Schon lange vor der Annexion reflektiert Norstein über das Wort „Krim“, als er über die Entstehung von Joshik w Tumane spricht. Dabei schildert er jene Assoziationen, die für ihn als Kind das Wort Krim, oder vielmehr der Klang des Wortes hervorrief, lange bevor er eine konkrete Bedeutung damit verknüpfte, geschweige denn sich mit Geographie auskannte.11 In diesem Text wird deutlich, dass Norstein eine sehr persönliche Beziehung zu diesem Ort hat, an dem bis heute ein Teil seiner Familie lebt und wo er in seiner Jugend entschied, den Weg des Filmemachers einzuschlagen.
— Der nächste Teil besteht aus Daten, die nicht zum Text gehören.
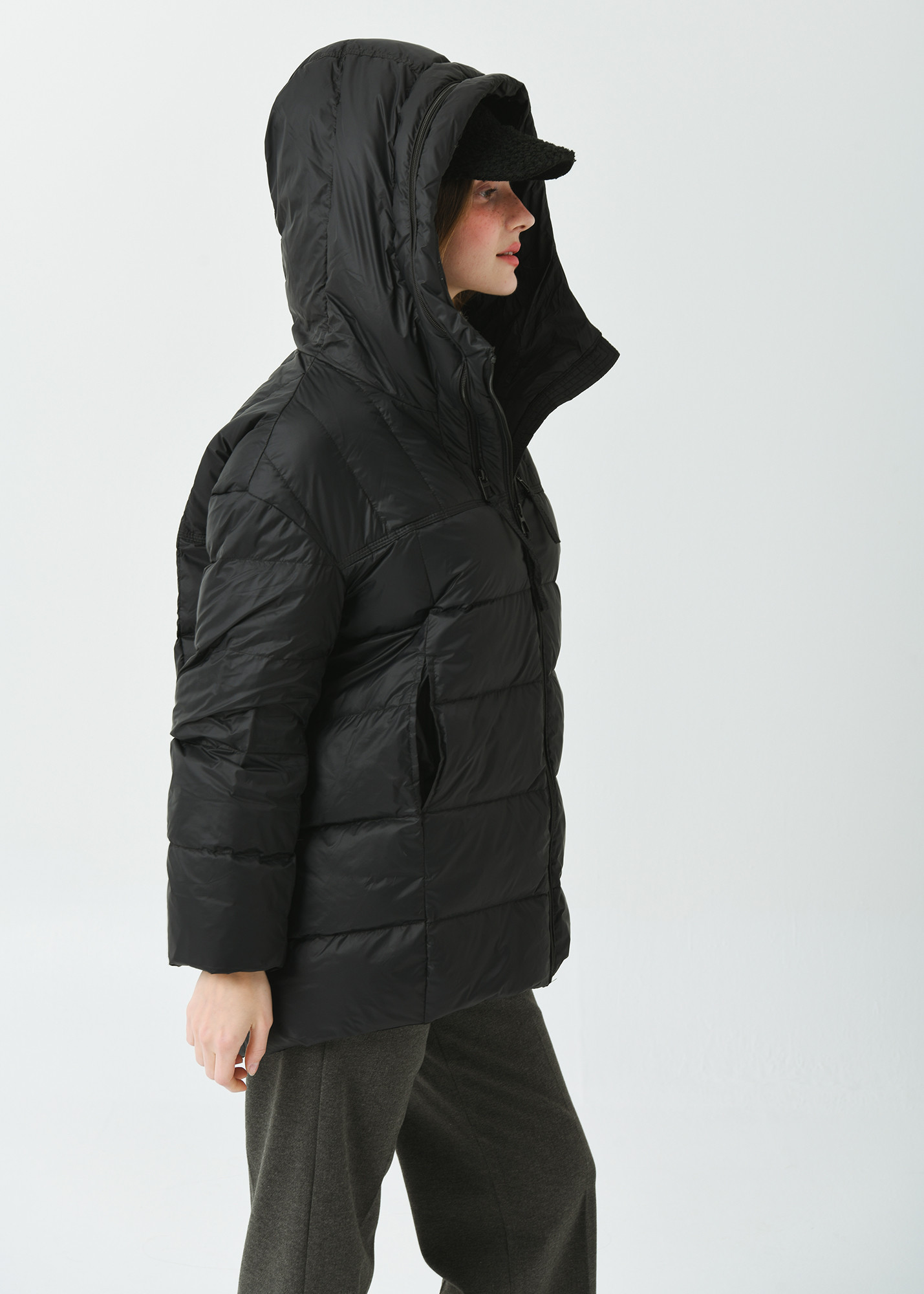 DETAIL:후드 폭 사이즈 확장이 가능한 지퍼작업이 포인트인 아노락형 부착형 후드
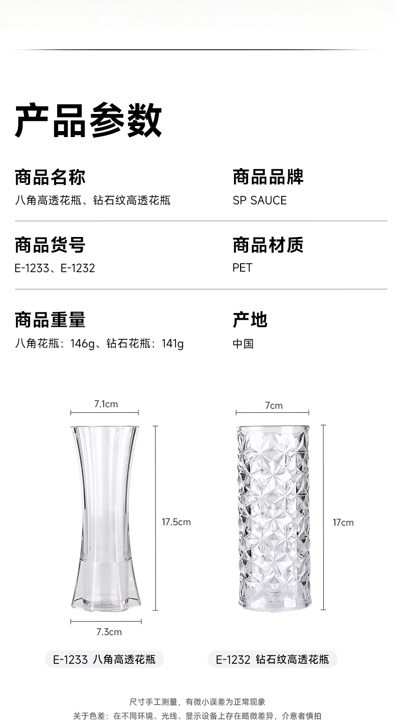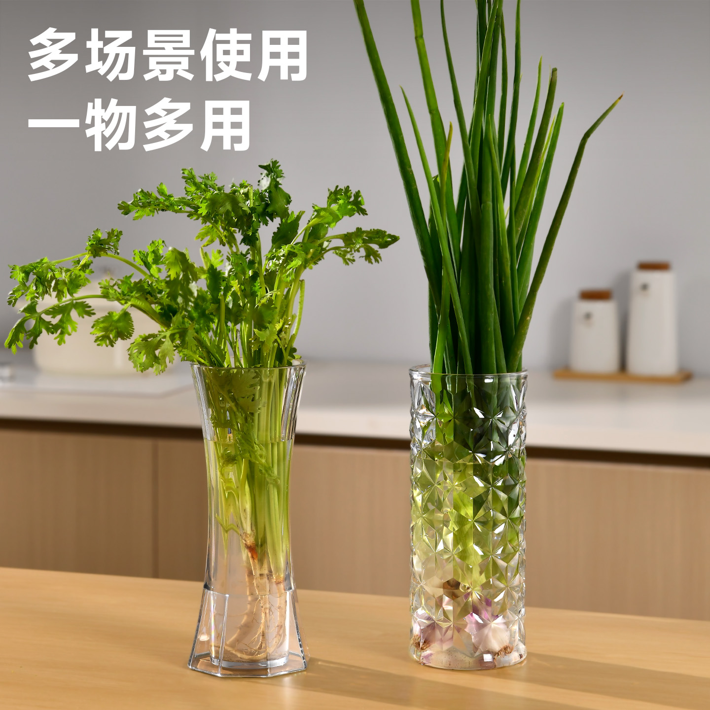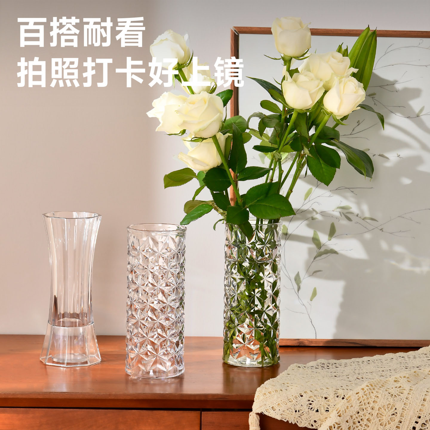 钻石纹高透花瓶 塑料高透防摔花瓶水养水培插花富贵竹透明方形装饰客厅小卧室玄关

Die Krim erscheint damit ein wenig wie ein sagenumwobener Sehnsuchtsort – ein Ort, an dem alles für ihn begann. 

Innere Mission

Deutlich wird auch, dass Norstein wie immer unbeirrt seine eigene Position vertritt, auch wenn diese die Gemüter spaltet und bei vielen seiner Freunde und Künstler-Kollegen auf Unverständnis stößt. Beim Filmemachen folgt er dabei zumeist seiner Intuition. So erzählt er, dass er zu Beginn der Dreharbeiten zu Joshik w Tumane zunächst aufgrund der Wahl des Sujets von allen ausgelacht wurde. Niemand sah in der insgesamt handlungsarmen Geschichte ein besonderes Potential, bis Norsteins Visionen schließlich Form annahmen und die Bilder auf der Leinwand sich langsam zu einem Kunstwerk zusammenfügten.

 

„Skaska Skasok“ (dt. „Das Märchen der Märchen“) ist Norsteins wohl persönlichster Film

Auch bei seinem wohl persönlichsten Film Skaska Skasok (dt. „Das Märchen der Märchen“) scheint er einer inneren Mission zu folgen. Der Film, der 1979 nach langem Ringen mit der Zensur erscheint, basiert auf Kindheitserinnerungen und entstand in Zusammenarbeit mit der Bühnenautorin Ljudmila Petruschtschewskaja. In Skaska Skasok wirft Norstein alle narrativen Gesetzmäßigkeiten über Bord und schafft eine Art Episodenfilm, eine Komposition aus biographischen Momenten, historischen Ereignissen und intermedialen Bezügen. Dabei sind die einzelnen Sequenzen des Films auf vielerlei Weise miteinander verknüpft, am augenscheinlichsten jedoch durch die Figur eines kleinen Wolfes, der die verschiedenen Welten, und damit die verschiedenen Zeitebenen und filmischen Räume, als einziger mühelos durchschreitet.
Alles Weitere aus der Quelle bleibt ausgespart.